Assuming that I did get Defender with this computer, is it likely a trial or is it now standard fare for Windows 10? If it is mine to keep, with no recurring charges, then I might as well notify McAfee right now that I want to end my subscription, because otherwise, they will surely auto-ding my credit card this November.

I just moved into a new apartment a few days ago that has Fios for all the tenants. Do they have something to offer that I might be interested in?


----------



## jimmie57 (Jun 26, 2010)

AntAltMike said:


> Assuming that I did get Defender with this computer, is it likely a trial or is it now standard fare for Windows 10? If it is mine to keep, with no recurring charges, then I might as well notify McAfee right now that I want to end my subscription, because otherwise, they will surely auto-ding my credit card this November.
> 
> I just moved into a new apartment a few days ago that has Fios for all the tenants. Do they have something to offer that I might be interested in?


Defender is FREE. It works but it is slow to me.
I use Comcast Cable and they offer Norton Internet Security FREE with the service.
It works very well for me.

Call Fios provider or search their website for Support and see if a FREE virus protection is offered by them.

Search the web for how to permanently remove McAfee. I read that it is not a simple remove.


----------



## billsharpe (Jan 25, 2007)

I have been using Windows Defender for several years with no apparent slowdown in my computers. It's free and updated regularly. Frontier FiOS charges a monthly fee for antivirus. Spectrum does not.


----------



## Rich (Feb 22, 2007)

billsharpe said:


> I have been using Windows Defender for several years with no apparent slowdown in my computers. It's free and updated regularly. Frontier FiOS charges a monthly fee for antivirus. Spectrum does not.

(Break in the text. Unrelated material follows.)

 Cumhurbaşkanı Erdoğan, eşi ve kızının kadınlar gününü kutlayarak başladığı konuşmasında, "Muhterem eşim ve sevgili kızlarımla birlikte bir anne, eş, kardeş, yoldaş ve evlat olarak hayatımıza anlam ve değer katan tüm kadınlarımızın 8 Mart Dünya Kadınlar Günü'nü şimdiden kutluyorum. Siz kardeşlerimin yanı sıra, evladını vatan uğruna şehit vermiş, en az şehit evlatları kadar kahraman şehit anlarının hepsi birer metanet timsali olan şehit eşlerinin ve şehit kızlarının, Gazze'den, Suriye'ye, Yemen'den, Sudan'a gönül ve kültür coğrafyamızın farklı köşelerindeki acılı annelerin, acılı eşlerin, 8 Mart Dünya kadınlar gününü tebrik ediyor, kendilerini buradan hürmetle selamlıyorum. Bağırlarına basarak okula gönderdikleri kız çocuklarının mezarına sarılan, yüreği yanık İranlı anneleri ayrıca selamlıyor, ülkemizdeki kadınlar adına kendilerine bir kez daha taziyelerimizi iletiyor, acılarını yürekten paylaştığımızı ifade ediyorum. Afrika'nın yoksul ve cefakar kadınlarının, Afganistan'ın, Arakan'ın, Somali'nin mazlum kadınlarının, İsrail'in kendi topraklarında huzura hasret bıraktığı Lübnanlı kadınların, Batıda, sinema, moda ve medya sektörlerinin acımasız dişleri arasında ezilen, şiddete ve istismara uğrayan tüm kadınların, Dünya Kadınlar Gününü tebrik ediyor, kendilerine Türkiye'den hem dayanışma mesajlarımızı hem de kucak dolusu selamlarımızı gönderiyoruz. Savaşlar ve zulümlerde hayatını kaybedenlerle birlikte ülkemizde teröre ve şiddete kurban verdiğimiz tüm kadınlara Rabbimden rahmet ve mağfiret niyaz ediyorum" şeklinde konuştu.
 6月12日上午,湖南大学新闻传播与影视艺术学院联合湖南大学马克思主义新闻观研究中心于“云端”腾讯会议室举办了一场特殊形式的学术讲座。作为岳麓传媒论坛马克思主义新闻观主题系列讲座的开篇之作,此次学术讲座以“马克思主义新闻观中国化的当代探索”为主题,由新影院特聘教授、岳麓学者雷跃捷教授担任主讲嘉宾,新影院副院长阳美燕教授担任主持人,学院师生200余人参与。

Altice/Optimum gives us McAfee at no extra cost. Seem to work well.

Rich


----------



## AntAltMike (Nov 21, 2004)

My Defender doesn't seem to be doing much defending. I just got a pop-up in the middle of my screen saying that my Windows was damaged and had to be repaired immediately. Before I even finished reading it, another popup opened on top of it saying that Microsoft had "determined" that my installation was defective.

When I get attacked like that, I usually get rid of the invader by crashing my computer by pulling the battery. I fear that if I click the "X" in the upper right corner it might be reassigned as an "accept" command, but this time, when I rebooted the warning was still there so I closed it using the "x" in the upper right corner of the browser screen. And worse, this time it included a count-down, seconds timer saying that if I didn't authorize the repair within 220, 219, 218... seconds, all of my files were going to be destroyed.

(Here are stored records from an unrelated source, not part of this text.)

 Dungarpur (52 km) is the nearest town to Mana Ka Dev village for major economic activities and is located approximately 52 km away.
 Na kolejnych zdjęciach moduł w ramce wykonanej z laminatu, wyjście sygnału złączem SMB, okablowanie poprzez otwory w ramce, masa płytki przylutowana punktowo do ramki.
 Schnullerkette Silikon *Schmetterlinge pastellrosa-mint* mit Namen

As I mentioned above, I have a subscription to McAfee that got imported along with my Firefox but is presently suppressed in favor of the Defender. When I had McAfee on my previous computers, I used to see slide out boxes in the lower right corner telling me that McAfee had detected and defeated prospective virus attacks. I'd feel better about defender if I at least occasionally saw it boast bout what it was doing for me.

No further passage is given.